The most notable thing is that in addition to playing the role of the underlying components, with the DeFi leaders of these protocol layers as the center, the tools and application layer DeFi projects around them have also begun to be continuously derived and more advanced functions have been continuously strengthened.
It is obvious that more and more DeFi “tool applications” revolve around a single underlying “Super DeFi Protocol” to assist it in improving richer advanced derivative functions, relying on the underlying “Super DeFi Protocol” to develop and grow, And eventually feed back the underlying “Super DeFi Protocol” to achieve greater empowerment, thus gradually producing a unique and self-contained “small ecology.”
Just as Uniswap+dextools\Unitrade\Yin is equivalent to liquidity management, Curve+Convex is to stable currency exchange, etc., what is more, interesting is that further “cooperation” is taking place between this small ecology.

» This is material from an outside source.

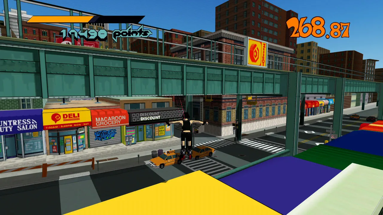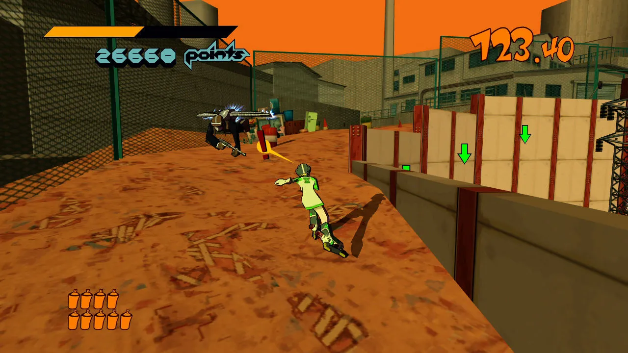 Sadly, Jet Set Radio’s gameplay is archaic and frustrating. Even at the time, the game paled in comparison to the Tony Hawk series. The impressive style, graphics, and sense of fun were enough to blind us. Today, it just feels poorly made. While the premise – explore the environment and tag graffiti spots – is solid, the moment-to-moment gameplay isn’t enjoyable. Your skater controls like a tank on ice skates. This lack of fine control is exacerbated by camera problems and the barely controlled chaos of the rampaging cops and urban traffic. Too often, you fall off a ledge just to be hit and carried off by a bus or run into an off-camera police officer. Grinding on rails is automatic, so you’re magnetically attached to the rail until you choose to jump off, which takes away the feeling daring and creativity that you get from coming up with lines in Tony Hawk. The graffiti tagging, which has you tracing movements with the analog stick, sometimes doesn’t register correctly, leaving you standing there as the police close in. The trick system is shallow and isn’t compelling in its own right.

Taking Curve as an example, it is well known that in the stablecoin exchange, especially in the large-amount stablecoin exchange track, Curve’s handling fees, exchange slippage, and impermanent losses are far lower than those of other AMM DEXs, such as Uniswap or Sushiswap, and it is a well-deserved industry leader.
But at the same time, Curve and Synthetix, a synthetic asset protocol, also cooperate to launch a cross-asset exchange service, providing the Swap function of common assets (such as ETH/WBTC pairs).
This is also a microcosm of the current many DeFi protocols starting from many channels to carry out self-salvation.
After experiencing the Cambrian explosion in 2020 and peaking and falling in 2021 and 2022, the current scene innovation in the DeFi world has basically reached saturation. How to further improve the governance mechanism and improve the encryption economic model in the entire protocol mechanism? The role is the key to opening the second half.
In general, whether it is “governance evolution” or the innovation of the Token economic model in the DeFi world, there is still a long way to go. Let us wait and see where it will go.
DISCLAIMER: The Information on this website is provided as general market commentary and does not constitute investment advice. We encourage you to do your own research before investing.